Get Ready For The Typhoon Japan!

“There is a typhoon Japan coming. in On the last day of my first visit to Japan, this is what my friend said to me. I watched the rain coming down sideways outside and listened to the wind pound the house. “What’s a typhoon?” I thought. Typhoons hit Japan every year and it is important to know what to do.

What exactly is a typhoon?

A typhoon is a tropical storm with gusts of wind at least 17 meters per second (in other words, really really fast!). Typhoons are basically the same as hurricanes or cyclones. They originate in tropical areas and as they move north or south away from them, they lose their intensity.

Late summer and early autumn are typhoon season in Japan. Most typhoons come in August or September. An average of 28 typhoons form every year, but only a few actually hit Japan. Most lose their force before they hit land. The number of typhoons that hit Japan varies from year to year. Typhoon season was especially bad in 2004, when ten storms hit land!

Whereas we give giant destructive tropical storms cutesy names, in Japan they are just given numbers.

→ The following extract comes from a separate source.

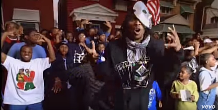 A fanciful scarf and a Jason hockey mask even though he’s not a deranged psychopathic killer (assumedly), this is our one hipster for this music video. Also, I see you in the back with the ultimate urban fashion marker, the negro cartoon shirt.

I can remember in 2004, watching the news each night as Typhoon 26 and then 27 and then 28 came roaring toward the coast. And, although typhoons do not usually wreak such havoc in Japan as they do in the Philippines or Indonesia, one particularly destructive storm in 2004, which came to be called “Tokage” (the Lizard), caused lots of damage and killed over a hundred people.

What should you do in the event of a typhoon?

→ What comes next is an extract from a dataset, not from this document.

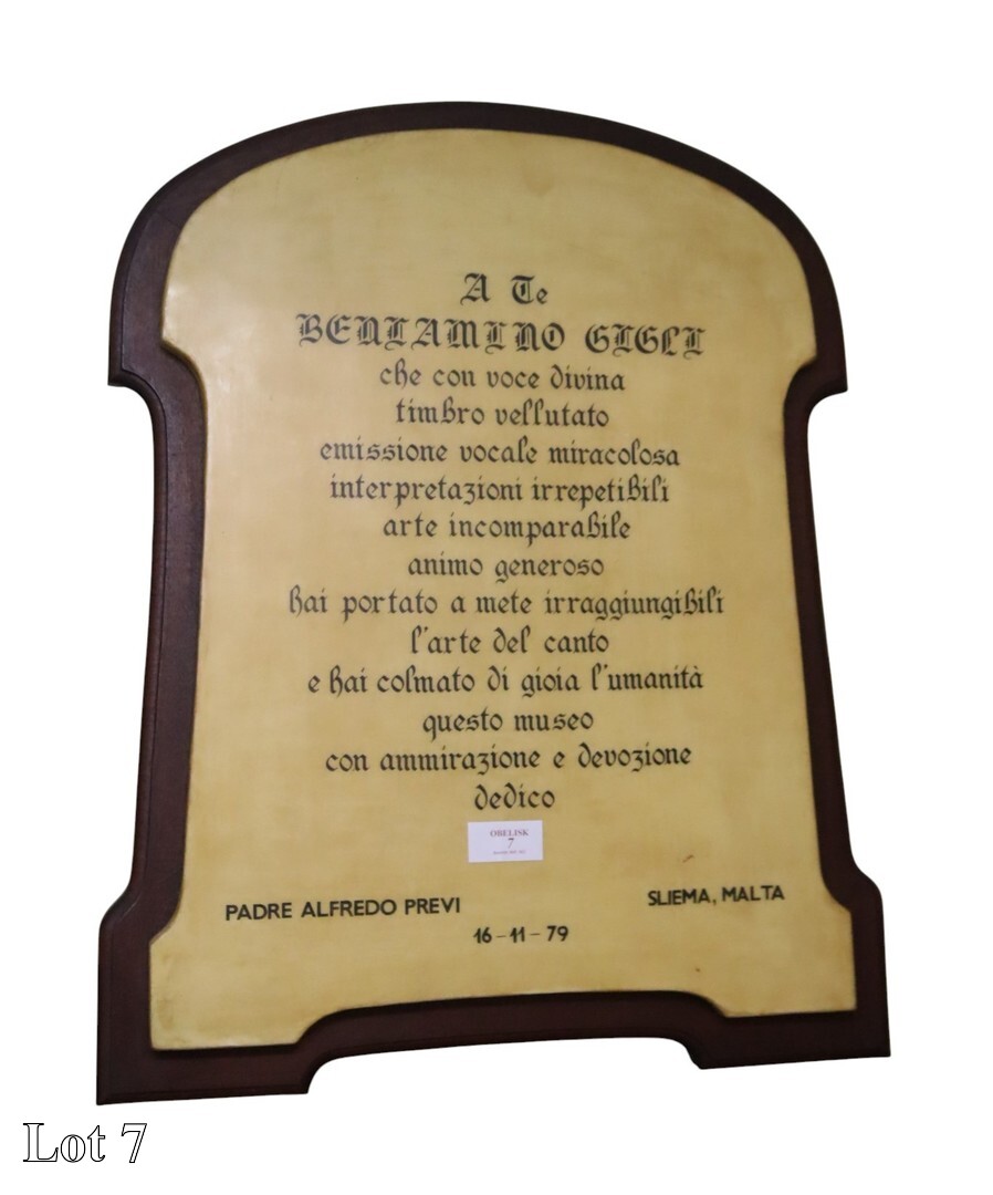 A collection of memorabilia related to Beniamino Gigli, (sixteen frames and a plaque).

Typhoons are characterized by strong winds and rain. Under these conditions, it is dangerous to be out and especially driving. The trains will usually shut down because of the wind. It is advised that you stay in your home during a typhoon.

Generally, the most dangerous effects of typhoons are floods and mudslides. If you are in an area prone to flooding, or where there is any danger of mudslides, it is advised that you seek higher ground.

Another risk is high tides. If you live close to the ocean, it may be best to move inland to wait out the storm.

Most importantly, keep your TV on. In the event of a typhoon, the Japanese media will keep you up to date on what is going on and what you should or shouldn’t do. For English language information, check out the radio. If you live in the Kanto area, there is an English language station out of Yokohama (FM 84.7) and all over Japan you can find the US military station on the AM dial. Otherwise, check your local radio listings.